Entries Tagged 'Metrics' ↓

Make Better Decisions - Test Your Ideas

Until recently it cost thousands of dollars a month to subscribe to sophisticated testing services that would let you gather empirical data about proposed website design changes.

Now there’s Google’s Website Optimizer. This free, powerful, simple tool lets even the most analysis-phobic website owners test and evaluate proposed changes to their websites.

I attended a presentation at Google tonight (gotta love living in Fremont) by Tom Leung, the product manager for Website Optimizer. As always, I listened with an ear for tidbits useful to independent professionals and solopreneurs.

What Website Optimizer Does

Website Optimizer lets you test changes to your website. For example, say you want to change your newsletter sign-up box and you and your webmaster have different ideas about how it should look. Instead of discussing the change ad infinitum, just test it. With Website Optimizer, you add a little Javascript to your page and Google then shows half of your visitors one version and half the other version. Website Optimizer then measures which version results in more newsletter sign-ups. Simple as that.

Google uses this tool all the time to fine-tune their websites. If it’s good enough for Google, it’s good enough for you.

Google Website Optimizer for Independent Professionals

Website Optimizer lets you do simple A/B testing (like the newsletter sign-up example above), or you can do sophisticated multivariate testing on a bunch of webpage elements at once.

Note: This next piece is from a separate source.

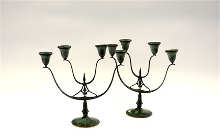 Coppia di candelabri di gusto Novecentoin fusione di bronzo patinato verde. Esecuzione italiana, anni 20 (h cm 33) (lievi difetti)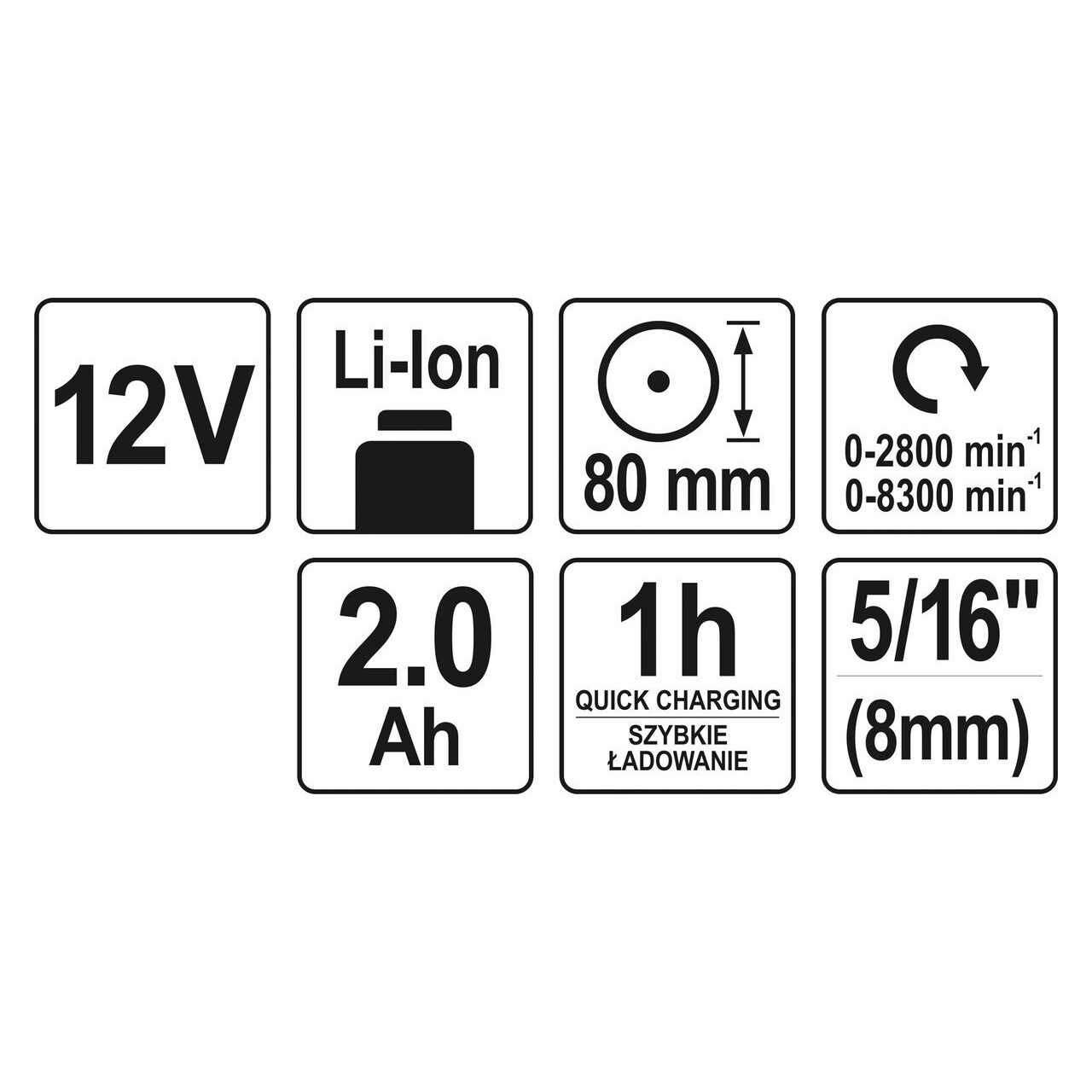 Aparat de polisat cu acumulator de 12 v, 80 mm Yato YT-82903 - Informații despre acest produs:

I don’t recommend the latter for independent professionals since accurate multivariate testing requires more website traffic than our websites are likely to get.

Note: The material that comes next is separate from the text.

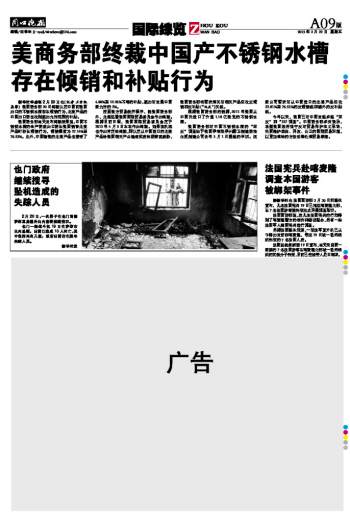 美商务部终裁中国产不锈钢水槽

Tom offered a couple of rules of thumb for testing. You need at least 100 “conversions” (website visitors taking the action you want) in order to have your test be statistically valid. He also said that for small sites, you want to make sure you have at least 500 page views a month before you even think about doing any testing.

Some Lessons Learned

Tom and his crew have been working with this tool for a few years now and identified a few take-home points:

  • Website testing is a continuous process. You’re never really finished. There’s always something else you could/should be testing.
  • You need compelling content, enough website traffic, and the discipline to make tough decisions about what is worth testing and what isn’t.
  • Keep your testing simple. This is particularly important for small, low-budget sites.
  • Finally, and most importantly, realize that this is an arms race. Whoever has the best-converting website will be able to pay more for leads acquisition from AdWords and similar programs. This excellent article, Google Website Optimizer 101, shows how to leverage your gains from your improved conversion rate.

On a personal note, I’ve got to say that I love this tool. I’ve been trying for years to genuinely divorce myself from attachment to my crackpot idea du jour, and this is just the ticket for that.